I compensated for the lower performance by enabling Feral’s gamemode. That got me back up to around 55 - 60 fps.

EDIT: If you don’t mind sharing, where’d you find the documentation for those environment variables? I assume they’re amdgpu related.

No it’s got nothing to do with logging. This is purely a switch to LLVM as the shader compiler.
Until a couple years ago everything was using LLVM. ACO was introduced by Valve maybe 2-ish years ago and has been the default for AMD cards since about a year or so. It used to be that ACO had to be enabled with RADV_PERFTEST=aco, then when ACO became the default in the testing branch it could be disabled with RADV_PERFTEST=llvm (re-enabling LLVM instead). And when it got its official release with mesa, it got moved to RADV_DEBUG (why that is I can only speculate, I’m assuming that PERFTEST is reserved for experimental features while DEBUG is meant for testing something different when something doesn’t work properly).

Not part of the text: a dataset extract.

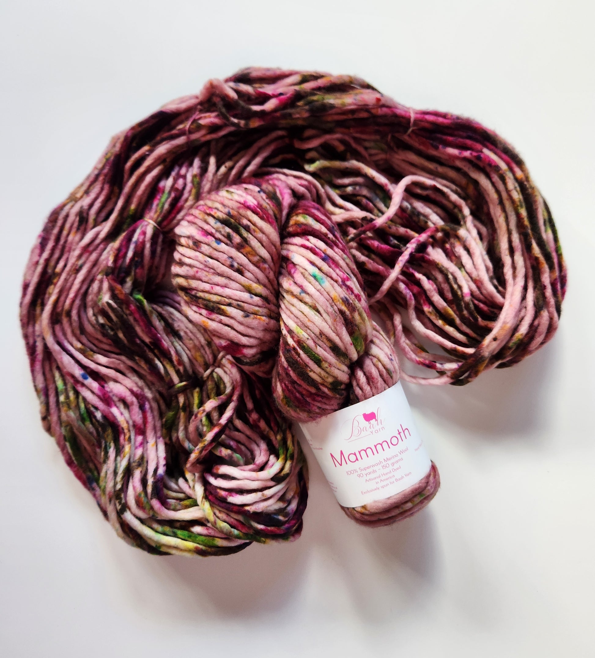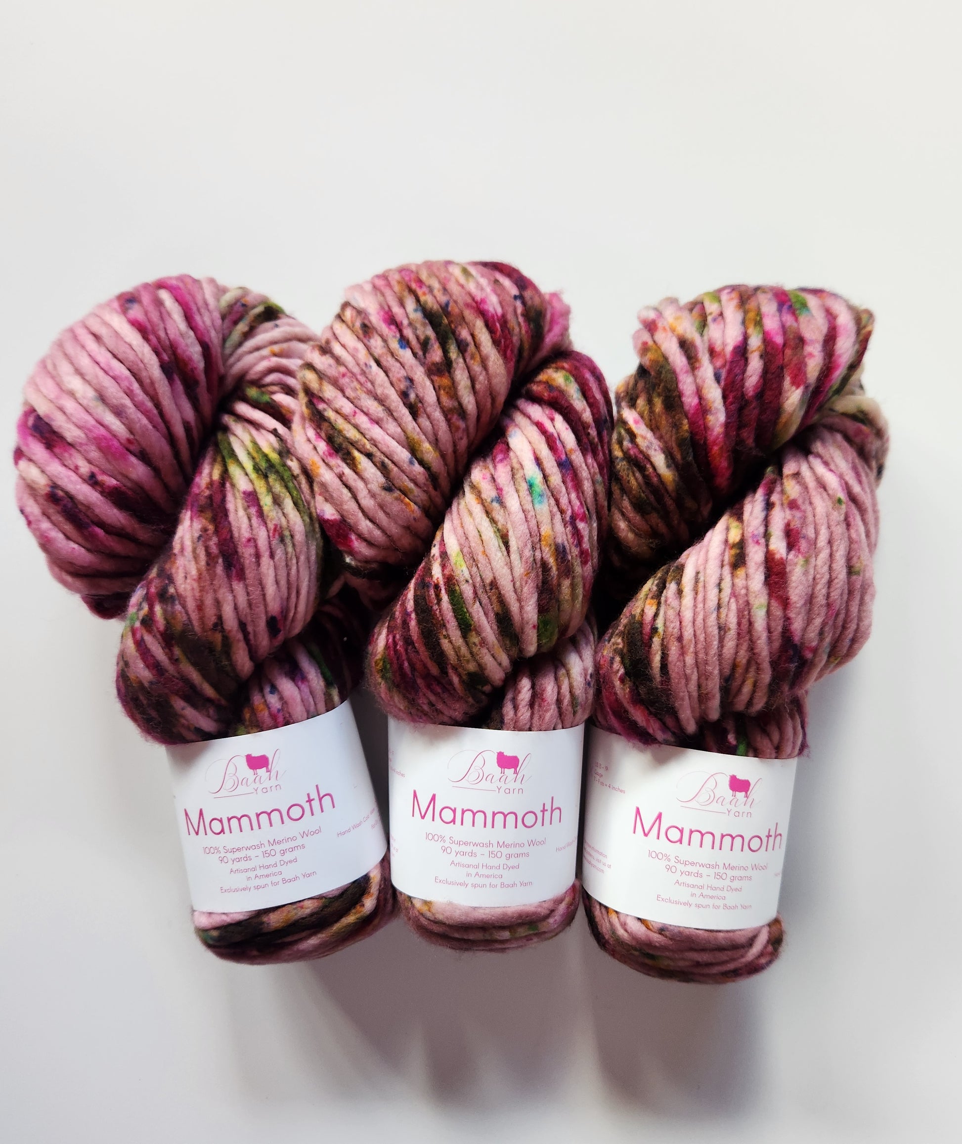 Baah Mammoth 100% superwash single ply merino wool. Each skein is 90 yards of hand-dyed squishy beauty, perfect for plump, quick knit or crochet projects.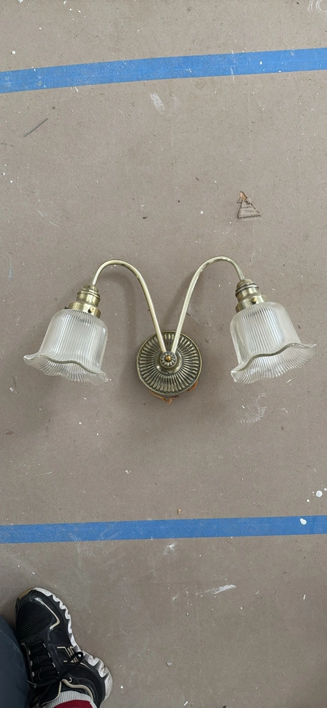 Antique Brass Double Wall Sconce with Fluted Glass Shades

Interesting, I guess ACO is just not fully supported on those older cards then.

The First option is an amdgpu option to choose the ICD loader, you can find them on the arch wiki and others (not sure where the “real” documentation is).

The second is an option to RADV to decide which shader compiler to use. Documentation is on the mesa website:
https://docs.mesa3d.org/envvars.html#radv-driver-environment-variables

The third one is an option for VKD3D (which handles the actual DirectX to Vulkan translation). The documentation is on the GitHub:

2 Likes

Thanks for all the info. Might be instructive to play with the ACO_DEBUG variable and see if toggling any particular ACO feature off fixes the ghosting.

Unfortunately I’m not really sure where the correct place is to report bugs with ACO… if they are to be raised directly with Mesa or with Valve.
The original work for ACO was done here:

But that repo doesn’t seem to be maintained anymore.

Hmm wondering if AMDVLK + LLVM might work better/faster with my old, oddball Fury. AMDVLK was originally derived from an AMD codebase, was it not?

AMDVLK only works with the Pro driver I think?
Whether it’s derived from anything I don’t know but it’s just the Vulkan implementation, which doesn’t seem to be your issue since RADV works fine when using LLVM.

@mihawk90 Finally found a decent explanation of what AMDVLK is and how to use it:

In short it appears that AMDVLK and RADV can be used side by side with amdgpu but there’s usually little reason to because RADV is generally superior.

I may try anyway just in case the official AMD code works better with my old Fury.